PolicyBrief
H.R. 5337
119th CongressSep 11th 2025
Motor Carrier Safety Selection Standard Act of 2024
IN COMMITTEE

This Act establishes a "safe harbor" standard for shippers to prove they were not negligent when selecting a motor carrier by verifying registration, insurance, and FMCSA compliance.

Pete Stauber
R

Pete Stauber

Representative

MN-8

LEGISLATION

New Trucking Liability Shield: Shippers Get 'Safe Harbor' from Negligent Hiring Lawsuits

The Motor Carrier Safety Selection Standard Act of 2024 is all about changing the rules of the road—specifically, the rules around who gets sued when a truck causes an accident. Essentially, this legislation sets up a temporary 'safe harbor' defense for businesses that hire trucking companies (shippers, brokers, and freight forwarders) against claims that they negligently selected an unsafe carrier. To qualify for this protection, a business must check three boxes within 45 days before the shipment: verifying the carrier is registered with the federal government, confirming they have minimum required insurance, and ensuring the FMCSA has publicly confirmed the carrier meets all safety standards.

The Logistics Liability Loophole

For a busy logistics manager or a small business owner who ships goods, this bill offers a huge reduction in legal risk. If your company hires a carrier that later causes a crash, you can point to these three checks and say, "We did our due diligence." This makes it much harder for accident victims to sue the shipper for negligent hiring, shifting the legal focus squarely onto the trucking company itself. The bill explicitly requires the FMCSA’s public confirmation to state either that the carrier is fully authorized to operate or that it fails to meet one or more requirements.

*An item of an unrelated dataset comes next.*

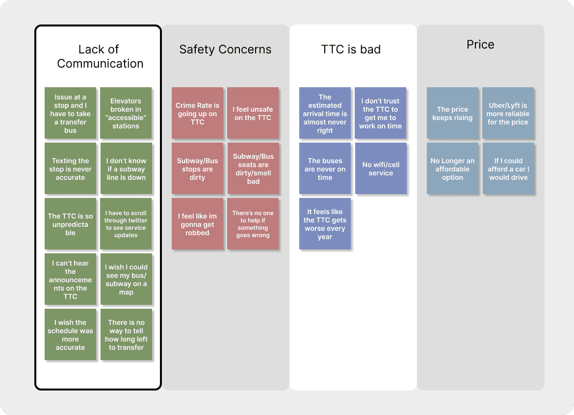 Some key interview findings were how fed up daily TTC commuters were with the current state of the TTC and how Uber/Lift and Car commuters would be willing to take public transit if the system improved.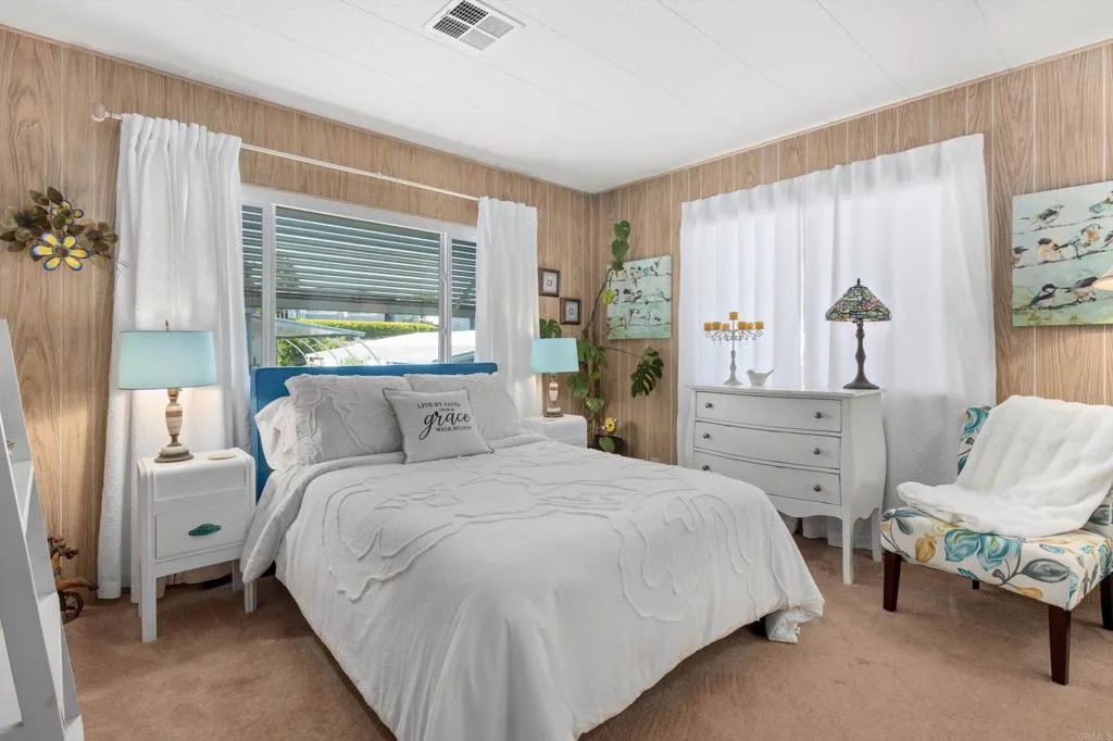 Updated VIEW Home with NO Property Taxes in Premier 55+ Resort Community! Enjoy elevated living in this beautifully maintained home located in a rent-controlled, resort-style community—plus the added benefit of HCD registration in lieu of traditional property taxes. This inviting residence features a desirable split-bedroom floor plan, offering privacy between the spacious primary suite and two guest bedrooms. The primary suite includes a walk-in closet for added comfort and convenience. Recent upgrades include a new stove, furnace, and thermostat, while many windows have been updated to vinyl dual pane for improved efficiency and natural light. Step outside to a low-maintenance yard with turf in the backyard and a drip irrigation system—perfect for easy outdoor enjoyment. Located in the highly sought-after Rancho Vallecitos community, residents enjoy access to exceptional amenities including a clubhouse, pool & spa, fitness center, library, billiards room, game and craft rooms, putting green, dog park, and more. A vibrant social calendar and scenic surroundings complete the resort lifestyle. Space rent is $740 and subject to city rent control.

This clarity is a win for businesses needing a straightforward way to verify compliance.

The Safety Catch-22

Here’s where things get complicated for regular folks. While the bill incentivizes shippers to perform basic checks, it also lowers the standard of care. Say a trucking company passes the three checks on Monday, but then gets hit with a major safety violation on Tuesday that hasn't been publicly updated by the FMCSA yet. If the shipper uses them on Wednesday and an accident happens, the shipper is still legally protected because they checked the boxes within the 45-day window. For victims of accidents, this means the path to holding a deep-pocketed shipper or broker accountable for poor selection just got significantly tougher, potentially limiting compensation.

A One-Year Countdown to New Rules

This safe harbor isn't forever. The entire framework is temporary until the Secretary of Transportation finalizes new, comprehensive rules for determining a motor carrier's "safety fitness." This must happen within one year of the Act becoming law. The new regulations must incorporate the verification requirements laid out here and use all available data to judge a carrier’s fitness, which should theoretically create a more holistic safety standard. Once those new rules are in place, the current safe harbor defense expires, replaced by whatever the new regulatory standard dictates. This creates a period of uncertainty for the industry until those final rules drop.

A Break for Household Movers

If you’re just an individual moving your own stuff—say, relocating your family across state lines—and you hire a carrier, you get an automatic pass. If you get sued over your choice of moving company, you are automatically considered "reasonable and prudent" just by showing you hired a covered carrier. You don't have to worry about checking registration, insurance, or FMCSA status. This is a clear benefit for consumers who lack the resources and expertise of professional logistics companies. Separately, the bill makes sure it doesn't mess with any existing state laws governing drayage, which is the short-haul trucking that connects ports and rail yards.